The most visual change to the SEAM Tool occurs when you don't have the list privilege. Without the list privilege, the List panels do not display the list of principals and polices for you to manipulate. Instead, you must use the Name field in the List panels to specify a principal or policy that you want to manipulate.
If you login to the SEAM Tool, and you do not have sufficient privileges to perform tasks with it, the following message displays and you are sent back to the SEAM Administration Login window:
Insufficient privileges to use gkadmin: ADMCIL. Please try using another principal. |
To change the privileges for a principal to administer the Kerberos database, go to How to Modify the Kerberos Administration Privileges.
Table 11–6 Using SEAM Tool With Limited Kerberos Administration Privileges
Disallowed Privilege |
Change the SEAM Tool |
---|---|
a (add) |
The Create New and Duplicate buttons are unavailable in the Principal List and Policy List panels. Without the add privilege, you cannot create new principals or policies or duplicate them. |
d (delete) |
The Delete button is unavailable in the Principal List and Policy List panels. Without the delete privilege, you cannot delete principal or policies. |
m (modify) |
The Modify button is unavailable in the Principal List and Policy List panels. Without the modify privilege, you cannot modify principal or policies.

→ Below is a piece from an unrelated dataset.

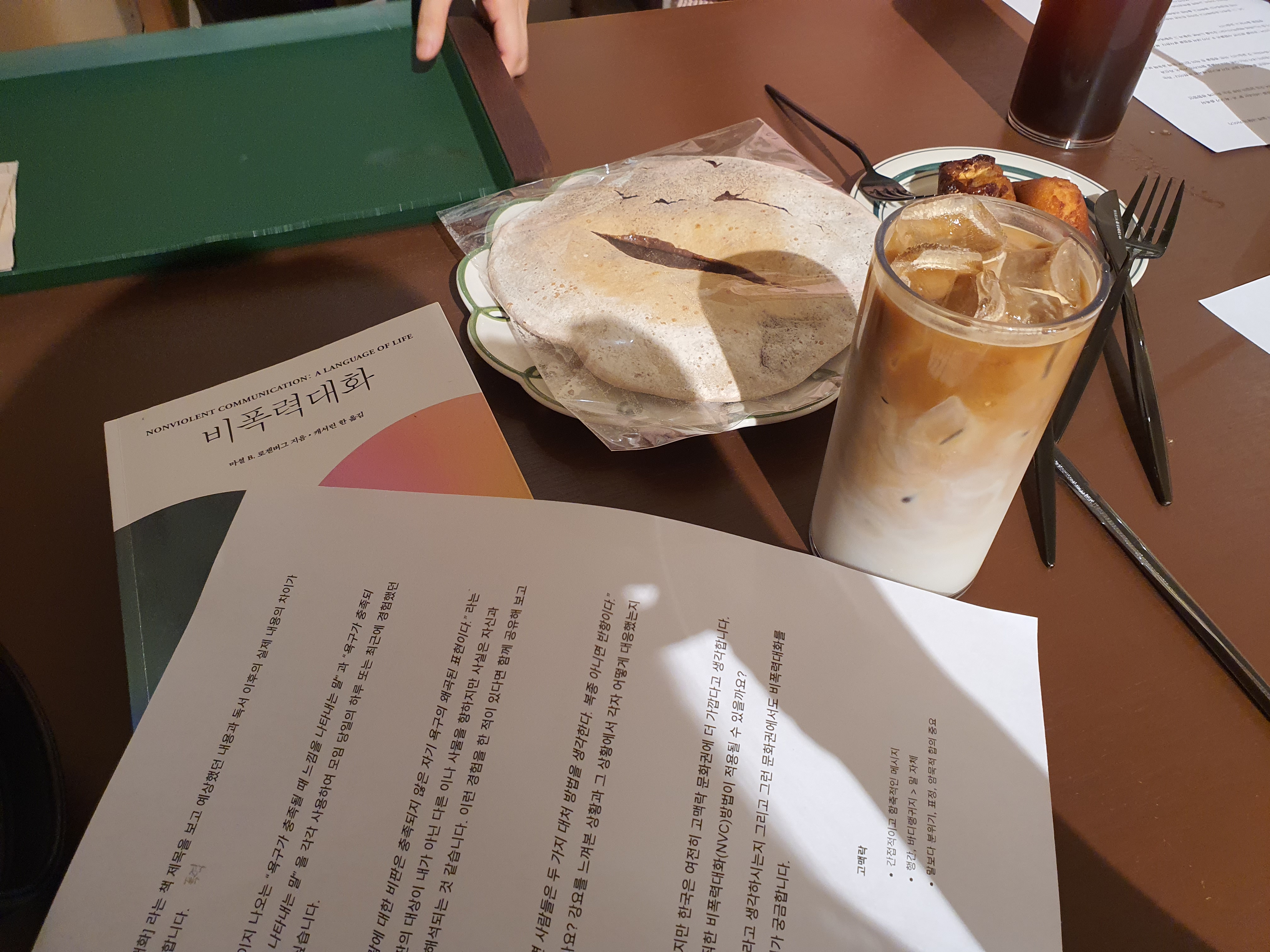 회사에서 월 1회 진행하는 독서모임을 하는 날이었다. 이번 달은 <비폭력 대화>. 참여자는 5명이었지만, 늘 그렇듯 당일에 생각지도 못한 약속들이 많이들 잡힌다. 하지만 나는 소규모를 더 좋아하기 때문에 오히려 좋았다. 오늘은 나를 포함하여 3명에서 진행하게 되었다. 발제를 담당한 동료가 너무 좋은 질문을 준비해와서 폭력과 자책, 성찰, 감정과 욕구를 다방면으로 돌아볼 수 있는 시간이었다. 건전한 사고와 태도를 갖추신 분들이라 서로의 삶을 이야기하며 긍정적인 대화를 하면서 유익하게 보낼 수 있었다.

Also, with the Modify button unavailable, you cannot modify a principal's password, even if you have the change password privilege. |
c (change password) |
The Password field in the Principal Basics panel is read-only and cannot be changed. Without the change password privilege, you cannot modify a principal's password. Note that even if you have the change password privilege, you must also have the modify privilege to change a principal's password. |
i (inquiry to database) |
The Modify and Duplicate buttons are unavailable in the Principal List and Policy List panels. Without the inquiry privilege, you cannot modify or duplicate a principal or policy. Also, with the Modify button unavailable, you cannot modify a principal's password, even if you have the change password privilege. |
l (list) |
The list of principals and policies in the List panels are unavailable. Without the list privilege, you must use the Name field in the List panels to specify the principal or policy that you want to manipulate. |
Every host that provides a service must have a local file, called a keytab (short for key table). The keytab contains the principal for the appropriate service, called a service key. A service key is used by a service to authenticate itself to the KDC and is known only by Kerberos and the service itself. For example, if you have a Kerberized NFS server, that server must have a keytab file that contains its nfs service principal.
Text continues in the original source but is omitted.